Highlights of Completed Projects
Poplar Tree Farm
Afghanistan
Solar Cookers
Afghanistan
Trash Cleanup
Myanmar
Hydroelectricity
Tajikistan
Afghanistan
Poplar Tree Farm
This poplar tree farm allows women to more safely collect firewood as they previously had to trek to remote areas where they were vulnerable to assault. The trees also help prevent erosion and store carbon. Additionally, the trees provide community members with another source of income as cuttings can be sold or even loaned out to help others start their own poplar grove as well. Once the trees are old enough, the same amount of cuttings originally provided are returned to the TCD program in order to ensure sustainability and to offer additional opportunities to others.
Afghanistan
Solar Cookers
Making the lives of women easier, these solar cookers provide an alternative to cooking using only firewood - a method of cooking that exacerbates deforestation and causes smoke inhalation primarily by women and children. With the abundance of sunlight in Afghanistan, these solar cookers quickly and cleanly boil water and heat food. Women no longer have to spend time collecting firewood, exposing themselves to attack, but can use that time pursuing other ventures. The solar cookers were not given out for free but instead GHNI subsidized the cost by 50% - putting them within reach of local budgets while also promoting buy-in and a sense of ownership. A total of 300 solar cookers were sold - improving both physical and environmental health.
Myanmar
Trash Cleanup
Some of the first projects conducted in TCD communities in Myanmar were community trash cleanups.
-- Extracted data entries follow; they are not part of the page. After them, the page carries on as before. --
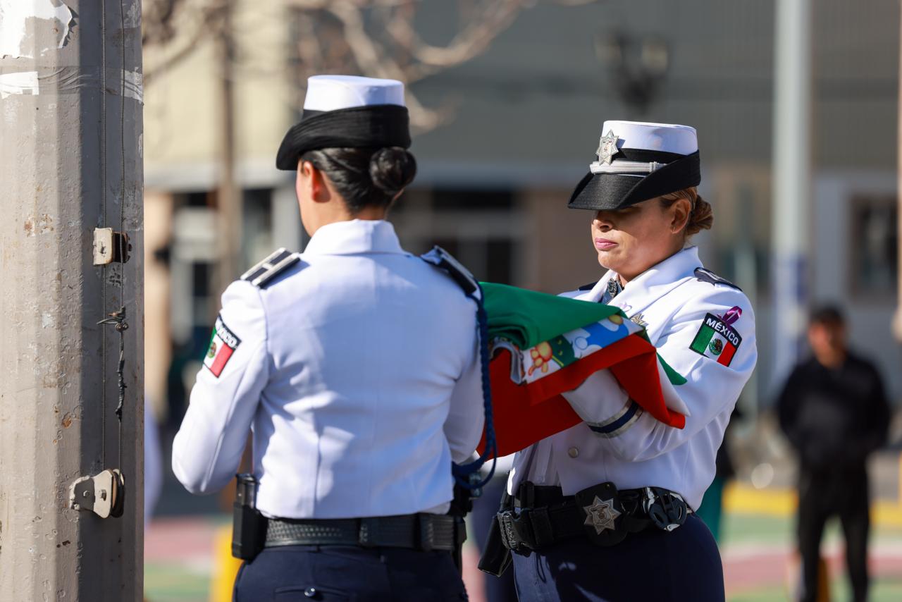 La Síndica Municipal, Ana Carmen Estrada, acudió a la Plaza del Batallón de los Supremos Poderes para enaltecer los valores patrios durante la ceremonia de izamiento de bandera correspondiente al mes de marzo.
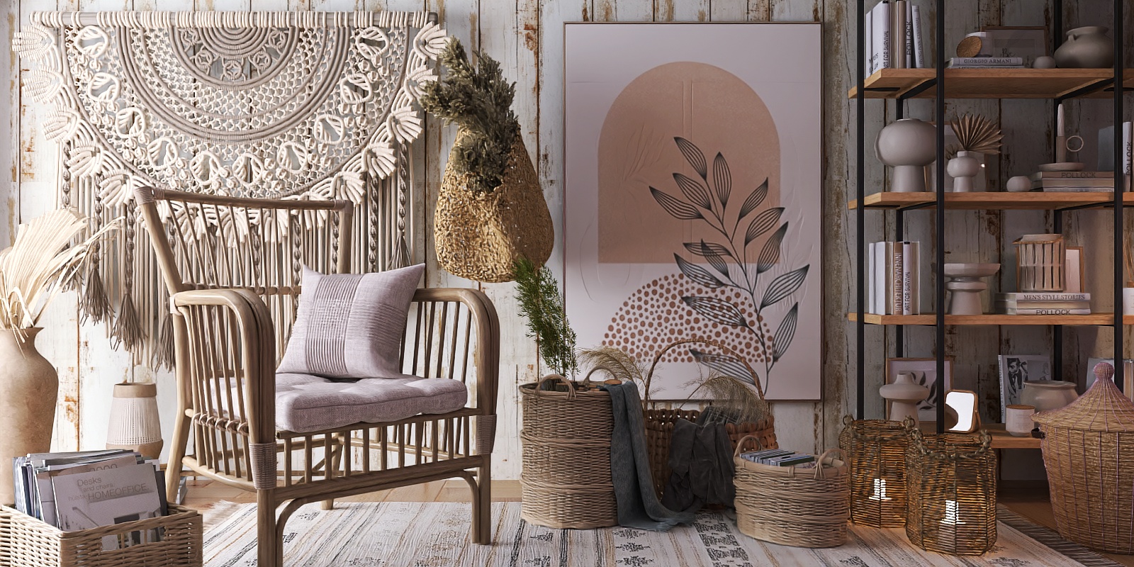 Crafted from warm wood and sleek black metal, this shelving unit blends Scandinavian minimalism with industrial charm. Natural wood shelves offer soft, tactile warmth, while metal frames add cool structural contrast, creating a serene, cohesive look. Ideal for modern living rooms or studies, it pairs seamlessly with neutral decor, framed art, and potted greenery, balancing storage and display with timeless appeal.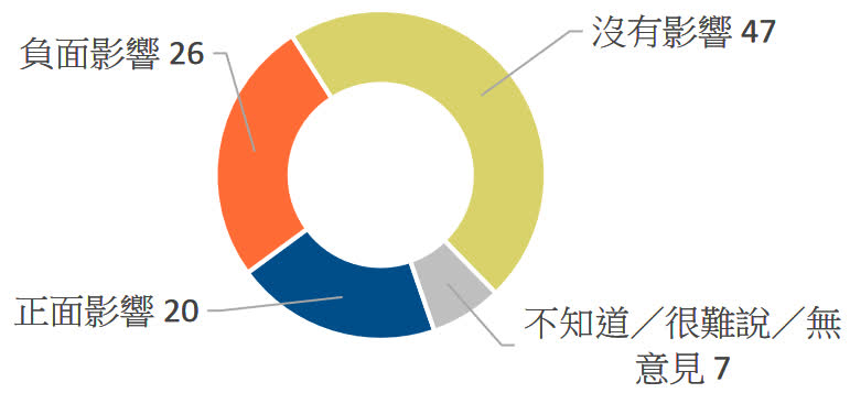 調查發現,合共六成七受訪者表示《維護國家安全條例草案》對市民日常生活行使基本權利有「正面影響」(20%)及「沒有影響」(47%),表示有「負面影響」的佔兩成六,「不知道/很難說/無意見」則佔百分之七。

They gathered the community together to collect trash to keep the environment clean, putting bins and signs all around the public spaces reminding people to take care of their natural environments. One community in Myanmar even received an award for having one of the cleanest communities in their region.
Tajikistan
Hydroelectricity
Miniature hydroelectric generators (sometimes called “run-of-river hydro" because it does not require damming the water) are excellent, affordable means of providing sustainable electricity to a community. In one village in Tajikistan, they had an old mini-hydro generator but it was broken - leaving them without electricity for more than 25 years. During the TCD process, the community identified repairing the generator as a priority and got to work. They raised about $500 locally which GHNI then matched, and after the repairs the community was producing its own clean energy and had electricity for the first time in a generation!
As soon as the generator was producing electricity, the community saw the transformational development potential it held with all five areas of TCD being positively impacted. The community even set up a committee to maintain the mini-hydro system for years to come. The snow in the area is often seen as a liability, but in this case its runoff provided the power needed to solve a local challenge - local resources leading to local solutions!